Какое все это имеет отношение к вопросу об эволюционной роли эпигенетических эффектов? Самое прямое: изменения активности генов в ходе жизни особи (в отличие от тех, что происходят в ряду поколений) — это и есть эти самые эпигенетические эффекты в чистом виде. Правда, группа Резника не изучала возможность и степень их наследования — этого не позволяли применяемые методы измерения активности генов. Но и без этого картина достаточно красноречива: эпигенетические сдвиги не «предвосхищают» последующие эволюционные изменения, не «прокладывают пути» для них, а уводят организм куда-то совсем не туда.

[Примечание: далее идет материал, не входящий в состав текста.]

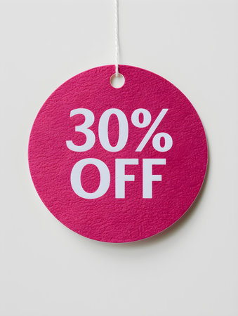 White '30% OFF' Text on a Magenta Round Paper Note. White Background
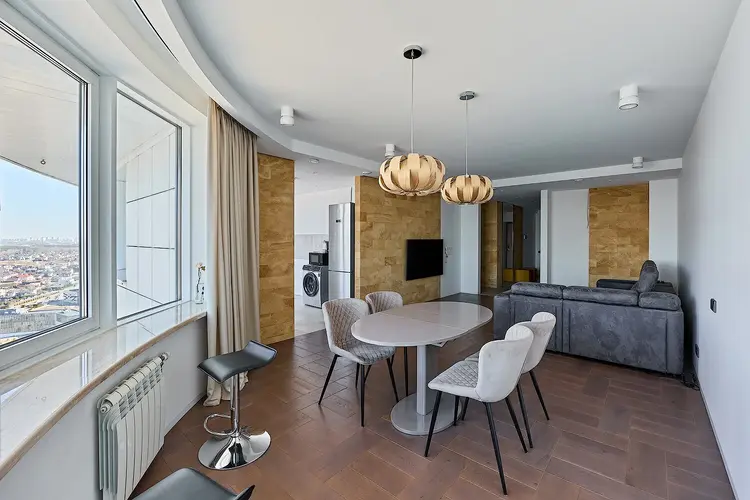 - Кухня с выходом на лоджию с панорамным остеклением

Конечно, такая картина получена хотя и для очень большого числа генов, но все-таки для единственного вида и для адаптации к единственному фактору — исчезновению хищников. Но вспомним парадоксальные результаты работ по «эпигенетическому ламаркизму»: едва ли не все они обнаруживают дезадаптивные эпигенетические изменения. В свете работы группы Резника противоположная направленность эпигенетических и эволюционных сдвигов предстает уже не странным невезением энтузиастов-исследователей, а общей закономерностью. Кстати, сами авторы «гуппиного» исследования так прямо и пишут, что фенотипическую пластичность можно использовать для прогноза направления эволюции под действием того или иного нового фактора — например, глобального потепления. Мол, глянул, как изменилась активность тех или иных генов у первого поколения, попавшего под действие этого фактора, — и уверенно предсказываешь, что в эволюции все будет наоборот.